TASK PROMPT>
In this exercise, retype exactly the lines from the start of the entries through the line bearing "Canon T90 camera", leaving every picture out.

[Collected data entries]
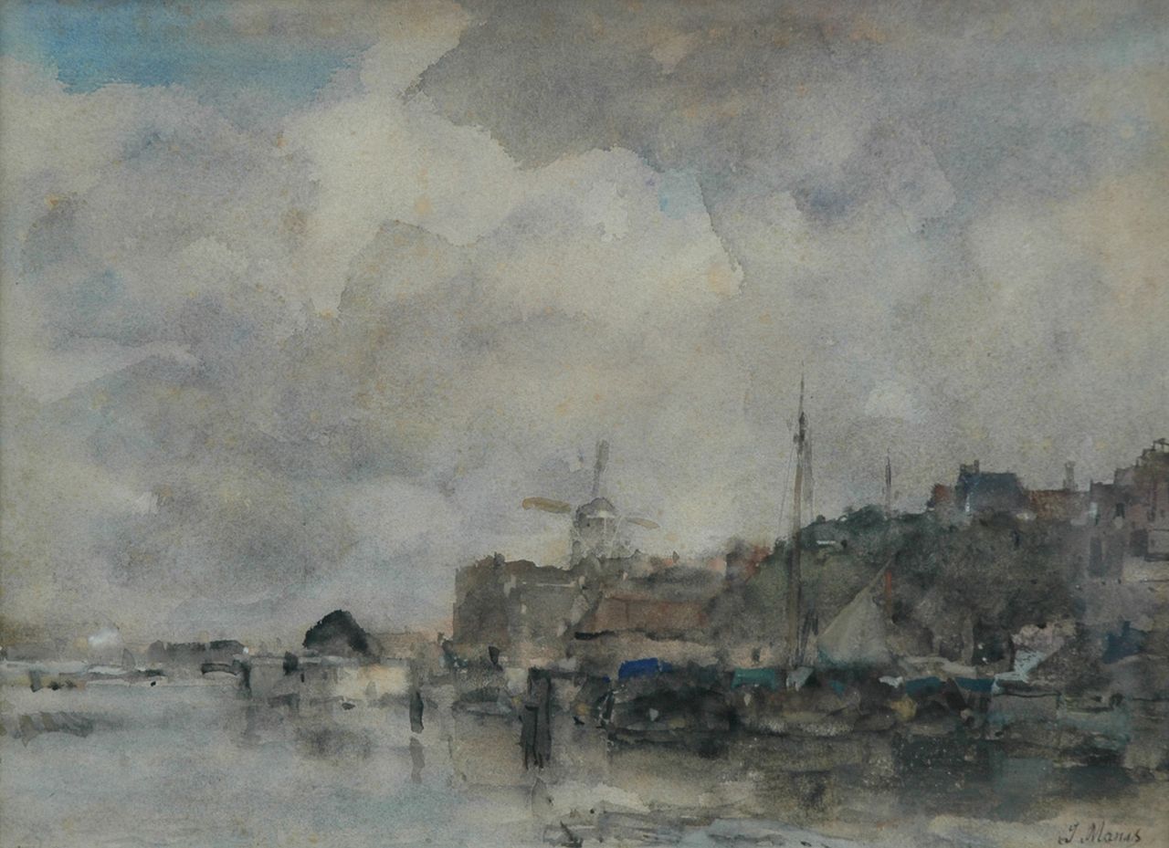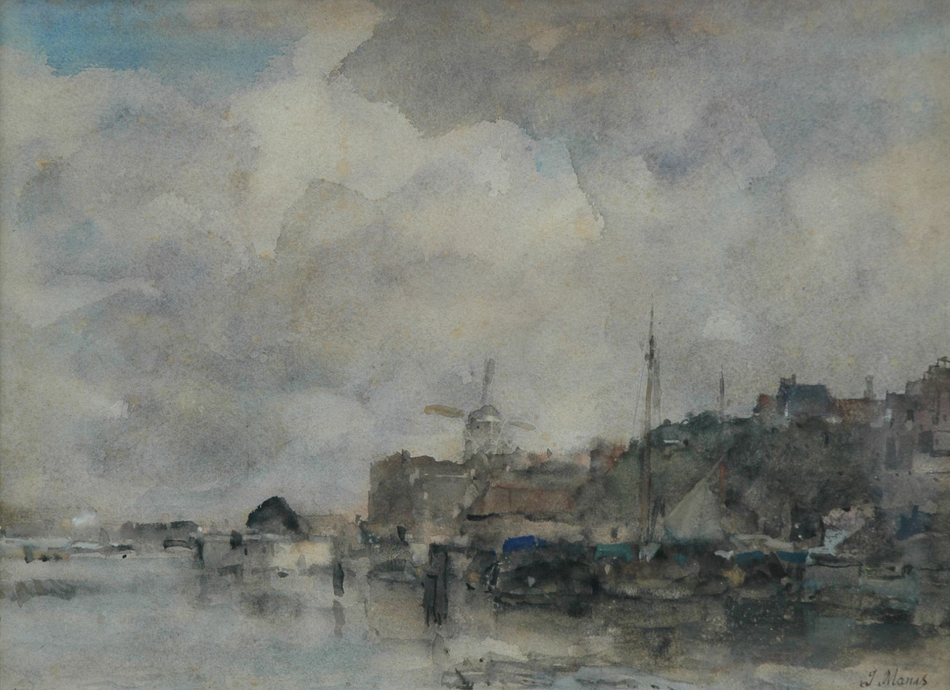 Jacob Maris kunstwerk • aquarel • tekening • voorheen te koop Gezicht op een Hollandse haven
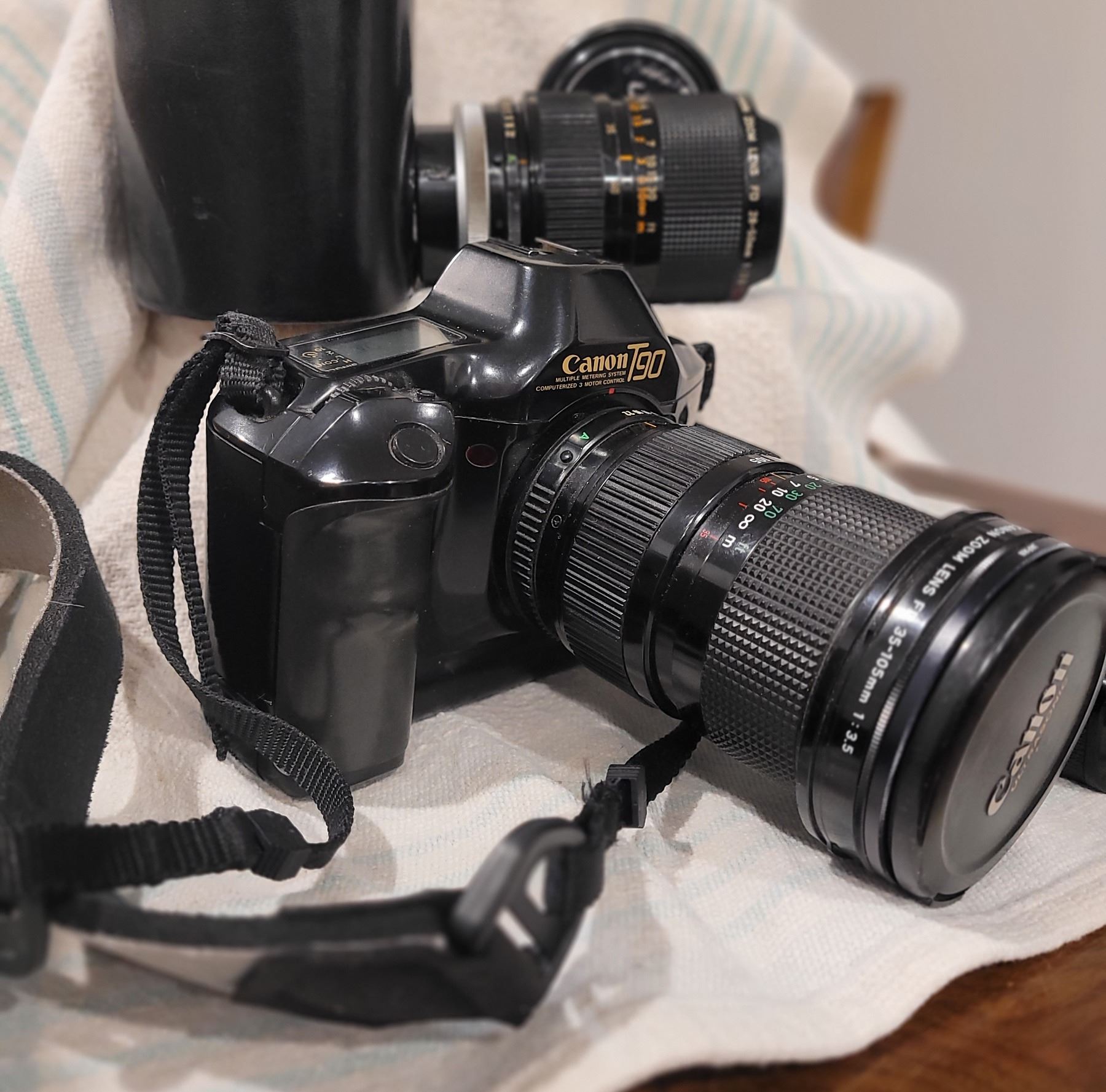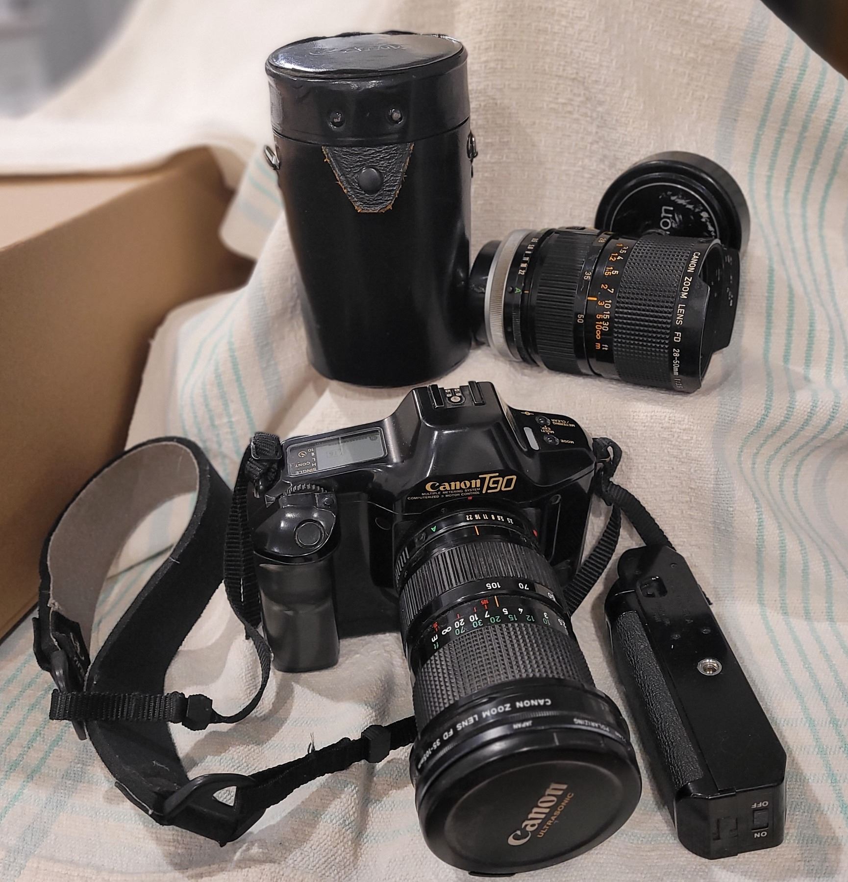 Canon T90 camera with 35-105mm lens & 28-50mm lens & power winder A
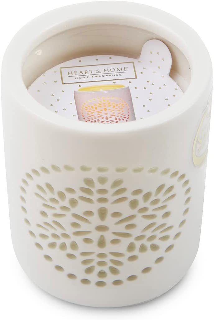 Heart & Home Pureglow Candle - Snow Angel Heart and Home Pureglow candle with radiating light pattern. Up to 30 Hours of burn time with wonderful aroma all the way to the bottom of the jar. Snow Angel is a sublime sweet fragrance with Orange Peel & sweet Patchouli. Essential oils and natural twin cotton wick for a clean burn. White ceramic pot with a delicate cut- out pattern to radiate light when lit. Fragrance-rich signature soy blend wax is renewable, sustainable, and kinder to the environment. The perfect gift idea.
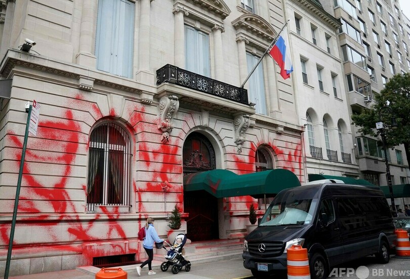 【10月1日 AFP】米ニューヨークで9月30日未明、ロシア領事館に赤い塗料がかけられているのが見つかった。ロシアのウラジーミル・プーチン(Vladimir Putin)大統領によるウクライナ侵攻への抗議とみられる。
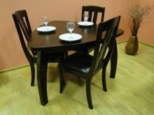 - Триъгълната маса е рядко явление, но съществува. Тази форма е предназначена за три места. Много удобен вариант за малко семейство. В допълнение, малки маси за кафе често се правят с тази форма – изглеждат миниатюрни, но в същото време площта на плота е доста голяма..
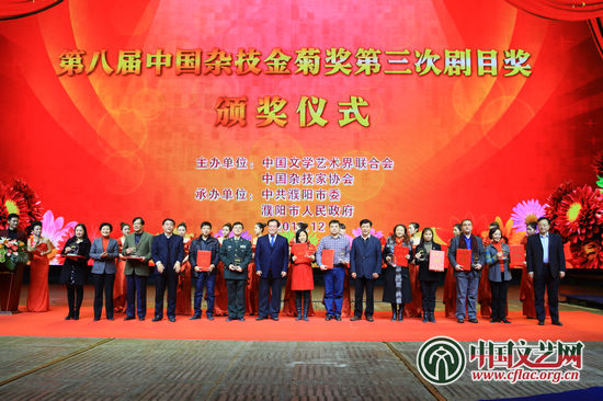 12月27日,由中國文學藝術界聯(lián)合會、中國雜技家協(xié)會主辦的第八屆中國雜技金菊獎第三次劇目獎頒獎儀式在河南濮陽舉行。本次劇目評獎中,全國16省、直轄市、自治區(qū)、解放軍共30個雜技院團的40臺雜技劇目報名參賽,參賽劇目的數量和質量較前兩屆均有較大幅度提升,最終評出了優(yōu)秀劇目獎、創(chuàng)新獎、最佳音樂獎、最佳編導獎和評委會特別獎。

EXERCISE OUTPUT>
 Jacob Maris kunstwerk • aquarel • tekening • voorheen te koop Gezicht op een Hollandse haven
 Canon T90 camera with 35-105mm lens & 28-50mm lens & power winder A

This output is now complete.